A python package for glycan structure prediction from mass spectrometry data

Project description

glycoTrans

A repository for transformer-based models for glycan structure prediction from mass spectrometry data. Presently, the repository includes two models: GlycoBERT and GlycoBART.

(Ejas Althaf Abtheen, Arun Singh, Shyam Sriram, Changyou Chen, Sriram Neelamegham, Rudiyanto Gunawan bioRxiv 2025.07.02.662857; doi: https://doi.org/10.1101/2025.07.02.662857)

Overview

glycoTrans introduces state-of-the-art transformer architectures to glycomics, enhancing how we predict glycan structures from tandem mass spectrometry (MS/MS) data.

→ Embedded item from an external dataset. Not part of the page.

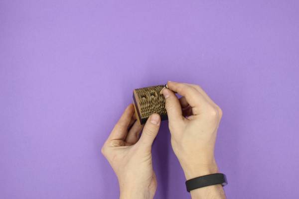 First of all grab your layer with the hasp and carefully remove it. We are attaching the other two magnets to the hasp. Make sure the polarity matches the polarity of the magnets in the plug. An easy way to do this is to put your plug in the white tube (to make the removal of magnets easier) and let the magnets snap together on the outside. This way you'll know which side should point in or out. Make sure the magnets in the hasp don't stick out too much and add a piece of tape to keep it in place. Don't use too much as it will add unwanted friction. Put the hasp back into it's layer before the next step.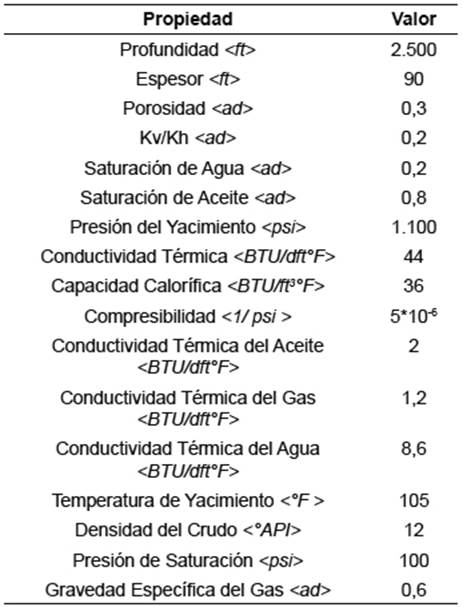 El modelo es totalmente homogéneo, y presenta un espesor de arena neto de 90 ft. Las propiedades petrofísicas se muestran en la Tabla 1, al igual que las propiedades térmicas de la roca y los fluidos del modelo, ya que se representará un proceso térmico de inyección continua de vapor 14. En cuanto a las propiedades de los fluidos del yacimiento, se creó un PVT (presión, volumen específico y temperatura) sintético con valores característicos de un aceite negro, las cuales también se muestran en la Tabla 1.

By treating mass spectra and glycan structures as sequences, called MS and Glycan sentence, respectively, the models are trained to capture complex contextual relationships in spectral data.

Key Models

  • GlycoBERT: A BERT-based sequence classifier for high-accuracy glycan structure prediction
  • GlycoBART: A BART-based generative model capable of de novo glycan structure inference

Installation

From PyPI

pip install glycotrans

From GitHub

pip install git+https://github.com/CABSEL/glycotrans.git

Features

Superior Performance

  • 95.1% accuracy on test datasets, outperforming state-of-the-art CNN-based methods like CandyCrunch
  • Robust performance across diverse MS analysis parameters and glycan types

De Novo Discovery

  • GlycoBART's generative capability enables prediction of novel glycan structures not present in training data
  • Overcome database-dependent limitations

Transformer Architecture

  • Self-attention mechanisms capture long-range dependencies in spectral data
  • Bidirectional processing using BERT and BART for comprehensive context understanding
  • Custom tokenization for MS spectra and glycan structures

Technical Innovation

MS Sentence Representation

Our novel approach converts MS/MS spectra into "MS sentences" containing:

  • Experimental metadata (LC type, ion mode, fragmentation method, etc.)
  • Normalized retention time
  • Precursor m/z and fragment ion information
  • Peak intensity encoding through positional embeddings

Glycan Sentence Format

Glycan structures are represented as sequences of constituent antennae:

  • Terminal-to-core monosaccharide ordering
  • Linkage information preservation

Model Architecture

GlycoBERT

  • Base: BERT encoder with 12 transformer layers
  • Parameters: 96 million trainable parameters
  • Task: Multi-class classification (3,590 glycan classes)
  • Attention: 12 attention heads per layer
  • Embedding: 768-dimensional representations

GlycoBART

  • Base: BART encoder-decoder architecture
  • Parameters: 207 million trainable parameters
  • Task: Conditional sequence generation
  • Architecture: 12-layer encoder + 12-layer decoder
  • Attention: 16 attention heads per layer
  • Generation: Beam search with 32 beams

Performance Metrics

Accuracy Levels

  1. Mass Accuracy: Monoisotopic mass matching
  2. Composition Accuracy: Monosaccharide composition matching
  3. Topological Accuracy: Branching pattern recognition
  4. Structural Accuracy: Complete linkage-specific identification

Benchmark Results

Model Mass Composition Topology Structure
GlycoBERT 98.8% 98.8% 96.7% 95.1%
GlycoBART (top-1) 93.2% 93.1% 90.4% 89.1%
GlycoBART (top-5) 95.5% 95.5% 93.3% 93.1%
CandyCrunch 94.1% 94.0% 91.2% 90.3%

Example

Example_Inference.ipynb Open In Colab

The Google colab notebook shows an example inference that can be modified for specific use cases.
The example file used in the notebook can be found at Google Drive

Data and Models

Training data are available on Zenodo under DOI.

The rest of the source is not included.